According to an embodiment of the present disclosure, an apparatus for evenly heating a broad object using a low-frequency magnetic field is provided.

FIGS. 13a and 13b are views illustrating examples of apparatuses having a large area according to various embodiments of the present disclosure.

According to an embodiment of the present disclosure, the apparatus utilizes a multi-resonant mode for heating an object with a broad area. Thus, according to an embodiment of the present disclosure, there are two signal generators for generating two operation frequencies required for two resonant modes.

Referring to FIG. 13a, according to an embodiment of the present disclosure, the apparatus may include a signal generator 1300 including sub signal generators respectively generating different operation frequencies f1 and f2, a power coupler/switch 1302 synthesizing the two operation frequencies and simultaneously applying to a power amplifier 1304, a matching circuit unit 1306, a driving coil 1308, and a housing having a helical resonant coil 1310 installed therein. The power coupler/switch 1310 may be operated to alternately apply the two operation frequencies to the power amplifier 1304 by periodic switching of the two operation frequencies.
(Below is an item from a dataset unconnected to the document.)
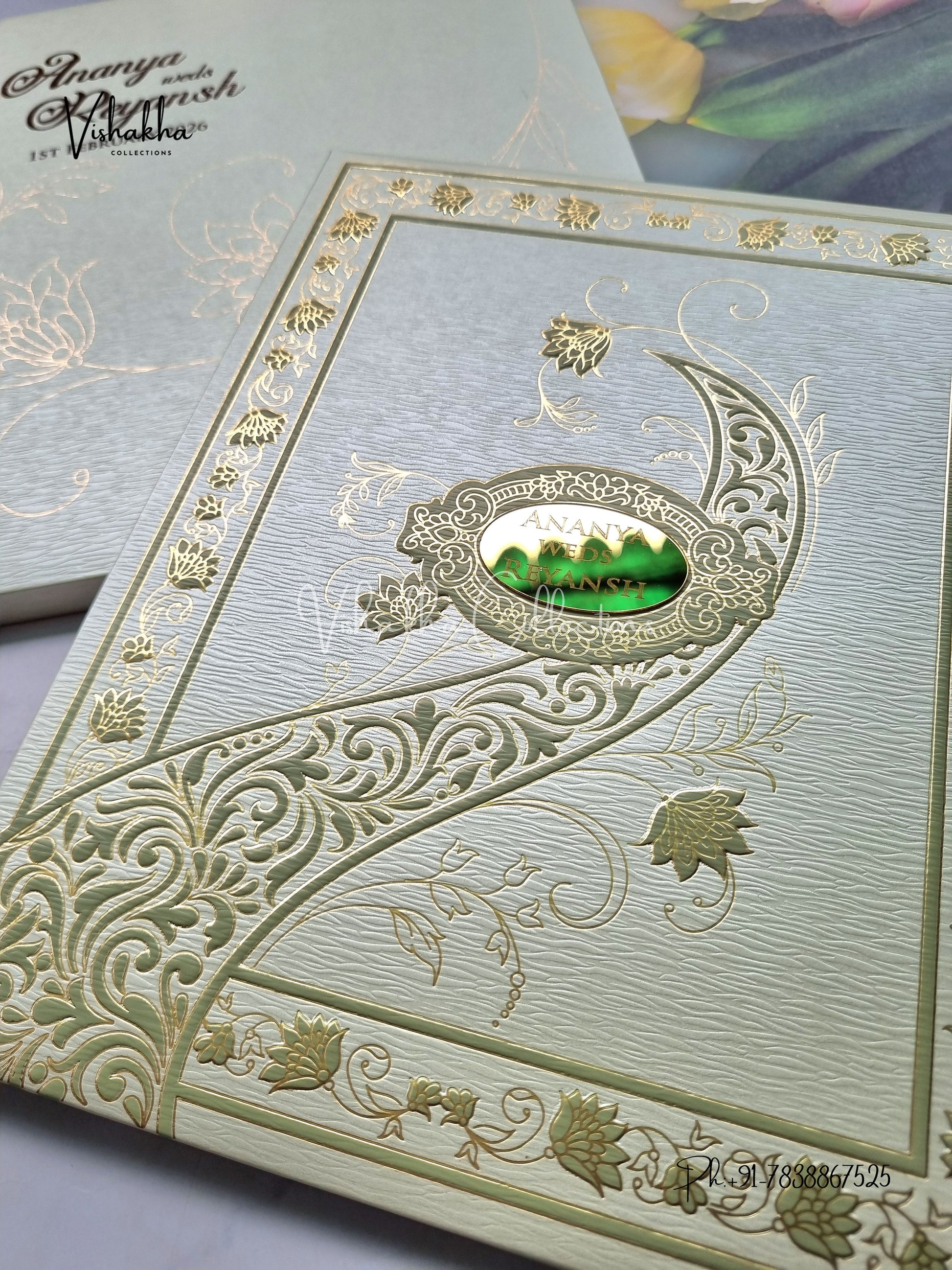 Vishakha Collections presents you beautiful luxury wedding invitation cards with all latest designs and the latest variety. Its just not a wedding invitation card but a beautiful feeling of love and relationship it carries for you. Beautifully printed and packed with a bundle of love. if you like it, dont think again, just go for it.If you are worrying about the quality of the product, send your doubts to us. We are here to help you. If you want in wholesale or bulk, dont forget to contact us.

Referring to FIG. 13b, according to an embodiment of the present disclosure, the apparatus may include a first signal generator 1320 and a second signal generator 1330 generating different operation frequencies, i.e., f1 and f2, respectively, and a power amplifier f1 1322 and power amplifier f2 1332 for respectively amplifying the frequencies generated from the signal generators. The apparatus further includes a power coupler/switch 1340, a matching circuit unit 1342, a driving coil 1344, and a housing 1346 having a helical resonant coil installed therein. The power coupler/switch 1340 is operated in the same way as the power coupler/switch 1302 of FIG. 13a, and no further detailed description thereof is thus made.

FIGS. 13c and 13d are views illustrating an example of a variation in temperature as per resonant frequency when an apparatus configured as shown in FIGS. 13a and 13b comes into use according to various embodiments of the present disclosure.

Referring to FIGS. 13c and 13d, as two operation frequencies are used, heat transfer is made inside the housing to both ends with respect to the center as compared with when one operation frequency is implemented. Thus, a spacious object may be more evenly heated by the apparatus according to an embodiment of the present disclosure.

As set forth above, an object may be heated in an even and more-cost saving manner by the configuration and operation of an apparatus according to an embodiment of the present disclosure.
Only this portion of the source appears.